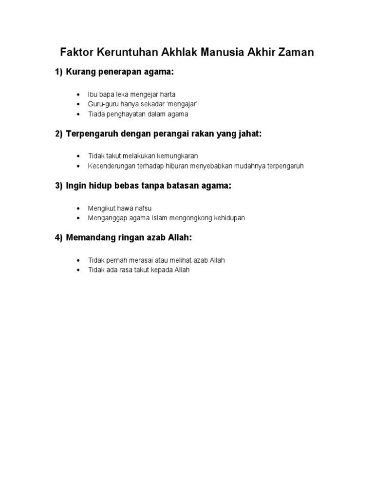 Faktor Keruntuhan Akhlak Manusia Akhir Zaman 1
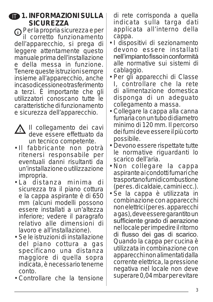 2. UTILISATION de cuisson. • Ne jamais utiliser la hotte pour des objectifs différents de ceux pour lesquels elle a été conçue. • Ne jamais laisser un feu vif allumé sous la hotte lorsque celle-ci est en fonction. • Régler l’intensité du feu de manière à l’orienter exclusivemetnt vers le fond de la casserole, en vous assurant qu’il ne déborde pas sur les côtés. • Contrôler constamment les friteuses durant leur utilisation : l’huile surchauffée risque de s’incendier.
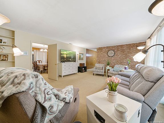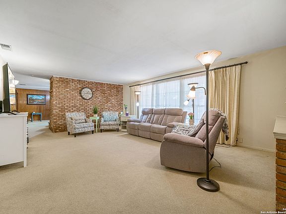 Great location inside San Antonio city limits, this 1-story ranch-style home offers 3 bedrooms, 2.5 bathrooms, 2 living areas, 2 brick fireplaces w flagstone hearths, eat-in kitchen, dining area, enclosed porch, ceiling fans & attached rear garage. This 1+ acre property is filled w beautiful mature oak trees & a huge yard. Inside Laundry room/bathroom located near the kitchen. NorthEast ISD. Located close to Hardberger Park, Medical Ctr, Castle Hls Shopping, Airport, Restaurants. Estate Sale - sold As Is.
★ ★ ★ ★ ★
◆ **Activity**:
Only the lines that lie between the start of the listing and the line containing "2. UTILISATION de", both included, belong in the answer; write them out exactly and omit pictures.

◆ **Solution**:
 Faktor Keruntuhan Akhlak Manusia Akhir Zaman 1
 2. UTILISATION de cuisson. • Ne jamais utiliser la hotte pour des objectifs différents de ceux pour lesquels elle a été conçue. • Ne jamais laisser un feu vif allumé sous la hotte lorsque celle-ci est en fonction. • Régler l’intensité du feu de manière à l’orienter exclusivemetnt vers le fond de la casserole, en vous assurant qu’il ne déborde pas sur les côtés. • Contrôler constamment les friteuses durant leur utilisation : l’huile surchauffée risque de s’incendier.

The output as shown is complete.